# [RAW DATA]
======

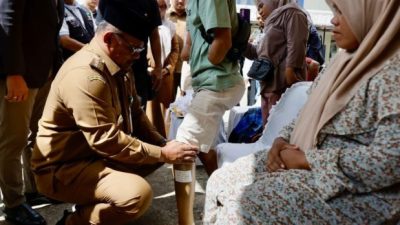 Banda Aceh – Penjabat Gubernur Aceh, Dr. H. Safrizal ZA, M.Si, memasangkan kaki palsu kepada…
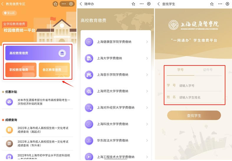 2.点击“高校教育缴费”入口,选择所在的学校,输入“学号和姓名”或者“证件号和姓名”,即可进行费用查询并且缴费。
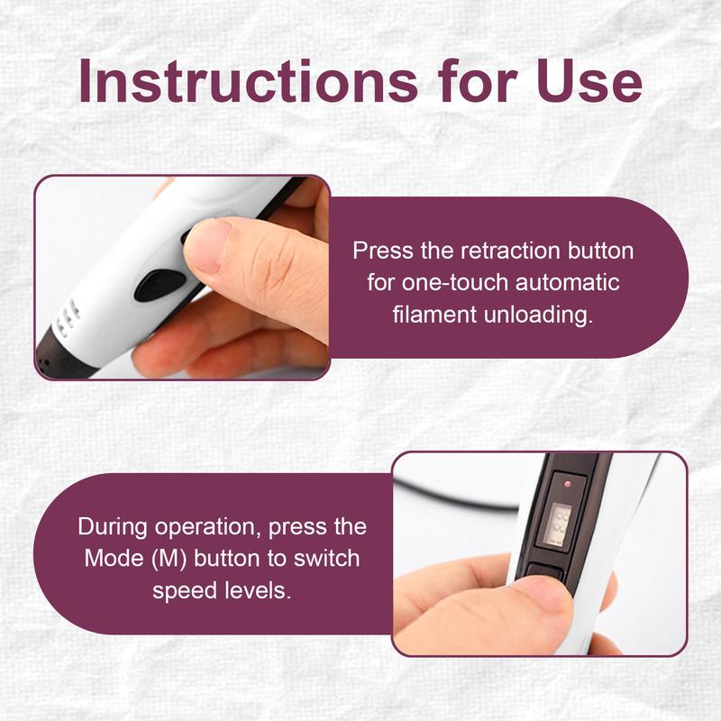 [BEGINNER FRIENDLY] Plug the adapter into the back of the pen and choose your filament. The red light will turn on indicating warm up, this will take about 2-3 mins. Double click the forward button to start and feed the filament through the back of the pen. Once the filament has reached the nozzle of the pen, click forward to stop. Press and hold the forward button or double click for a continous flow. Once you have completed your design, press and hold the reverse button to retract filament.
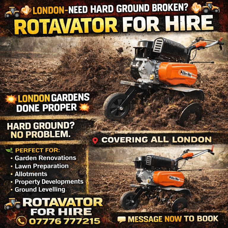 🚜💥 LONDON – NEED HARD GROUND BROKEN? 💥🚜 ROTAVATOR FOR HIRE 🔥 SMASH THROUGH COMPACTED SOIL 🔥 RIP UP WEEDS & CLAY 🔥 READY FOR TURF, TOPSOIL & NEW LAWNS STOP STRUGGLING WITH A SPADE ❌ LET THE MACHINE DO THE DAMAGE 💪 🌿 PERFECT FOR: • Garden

======

# [TASK OBJECTIVE]
Could you reproduce the data above exactly, without its pictures?

# [OUTPUT FOR THIS TASK]
 Banda Aceh – Penjabat Gubernur Aceh, Dr. H. Safrizal ZA, M.Si, memasangkan kaki palsu kepada…
 2.点击“高校教育缴费”入口,选择所在的学校,输入“学号和姓名”或者“证件号和姓名”,即可进行费用查询并且缴费。
 [BEGINNER FRIENDLY] Plug the adapter into the back of the pen and choose your filament. The red light will turn on indicating warm up, this will take about 2-3 mins. Double click the forward button to start and feed the filament through the back of the pen. Once the filament has reached the nozzle of the pen, click forward to stop. Press and hold the forward button or double click for a continous flow. Once you have completed your design, press and hold the reverse button to retract filament.
 🚜💥 LONDON – NEED HARD GROUND BROKEN? 💥🚜 ROTAVATOR FOR HIRE 🔥 SMASH THROUGH COMPACTED SOIL 🔥 RIP UP WEEDS & CLAY 🔥 READY FOR TURF, TOPSOIL & NEW LAWNS STOP STRUGGLING WITH A SPADE ❌ LET THE MACHINE DO THE DAMAGE 💪 🌿 PERFECT FOR: • Garden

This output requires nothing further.